D. : Dans un texte qui vous était consacré, en 2014, Nicole Brenez qualifiait votre travail sur la matière numérique de l’image par les mots de Jean Epstein sur le cinéma : « brouiller l’ordre qu’à grand-peine nous avions mis dans notre conception de l’univers. » Depuis, la figure d’Epstein semble vous avoir accompagné au point qu’en 2020, vous vous confrontez à ses images (et non plus seulement à sa théorie) en réalisant votre propre Tempestaire (projeté non loin de l’original dans l’exposition). Quelle a été l’influence d’Epstein sur votre travail ?

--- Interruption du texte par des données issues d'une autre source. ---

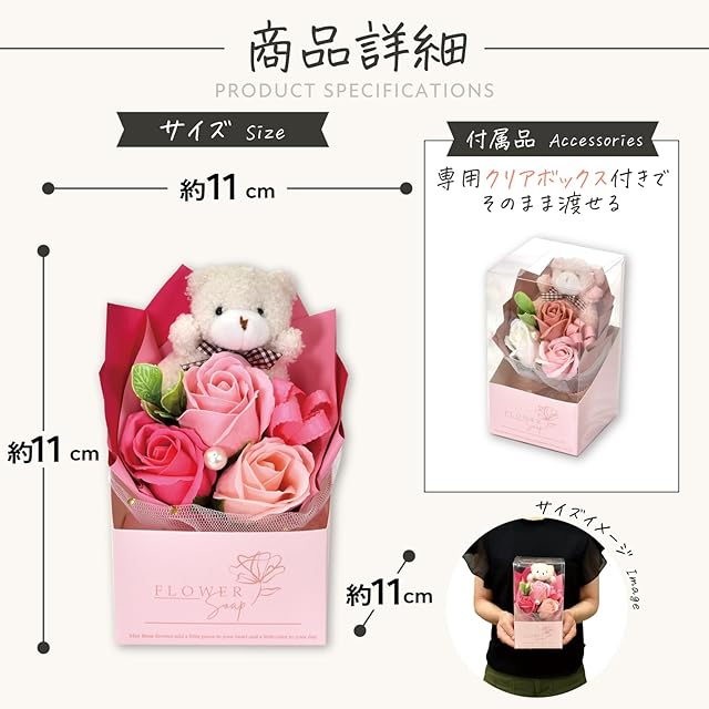 【ご使用上の注意】本商品は観賞用のソープフラワー(造花)です。石鹸として身体を洗う用途や、入浴剤としてのご使用はできませんのでご注意ください。また、小さなお子様やペットが誤って口に入れないよう、必ず手の届かない場所に保管してください。誤飲・誤使用を防ぐためにも、用途をご理解のうえ安全にお取り扱いください。※ご使用環境や個人差により、香りの感じ方には差があります。

J. P. : Je ne peux pas parler d’influence directement comme quand je pense à Lynch, Cronenberg, ou Grandrieux dont les films m’ont accompagné quand je commençais vraiment mon chemin. Pour moi, Epstein, peut-être plus que tous les autres cinéastes, fait un cinéma où le sublime découle du désordre, un cinéma où le chaos est l’expression de la rencontre des forces naturelles et de la technique. Il naît de cette tension une immense puissance poétique. Mais le cinéma d’Epstein me tient aussi comme un rêve, il est là comme un imaginaire abstrait, il est à côté de celui de Tarkovski. Quelque chose d’eux plane dans la nécessité que j’ai à faire des films, et dans l’assurance que j’ai, de ne pas savoir où je vais.
D. : De vos Impressions à votre Tempestaire normand, vous vous fondez sur des prises de vue naturelles – et souvent aquatiques – pour interroger l’aléatoire mathématique et l’imprévisible informatique. Pourquoi vous tourner vers ces thèmes, en apparence très éloignée de l’imagerie numérique, comme supports pour ces questionnements ? Comment la mécanique des fluides informe-t-elle votre conception du numérique ?

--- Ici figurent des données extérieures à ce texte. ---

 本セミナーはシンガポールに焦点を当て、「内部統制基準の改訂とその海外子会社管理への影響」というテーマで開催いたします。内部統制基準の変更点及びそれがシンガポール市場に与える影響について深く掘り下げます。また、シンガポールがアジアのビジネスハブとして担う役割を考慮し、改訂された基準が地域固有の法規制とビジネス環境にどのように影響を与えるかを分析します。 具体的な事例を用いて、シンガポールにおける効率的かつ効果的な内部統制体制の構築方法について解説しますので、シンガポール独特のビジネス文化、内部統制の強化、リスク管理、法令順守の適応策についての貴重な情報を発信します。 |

J. P. : Ce ne sont pas tant les liquides qui m’intéressent, que les mers, les océans, et l’eau, le vent, la flore, la terre, la roche, le vent, le corps des montagnes, des plaines, des forêts. Je suis en quête de quelque chose de magique que je ne connais pas et que je ne comprends pas. Je dirais que rien de la nature ne peut résonner avec l’implacable stabilité de l’informatique, qui même si elle permet de modéliser l’imagination, ne peut produire artificiellement que l’image qu’on lui demande de faire. Et si elle semble nous surprendre, c’est que nous ne voulons que ça. Mais la nature, c’est tout autre chose. Elle ne surprend pas, elle saisit, elle ramène au présent. Et peut-être que la technique, la technologie, totalement humaines, permettent de la montrer quand on s’aventure à aller chercher dans les retranchements de nos certitudes, les traces de l’incompatibilité. C’est peut-être là où les contingences soulignent ce différentiel, que le geste libre qui fait a priori n’importe quoi, mais pas vraiment n’importe comment, saura sans doute être à l’origine d’images qui raconteront quelque chose du monde. En tout cas, c’est ce que j’imagine.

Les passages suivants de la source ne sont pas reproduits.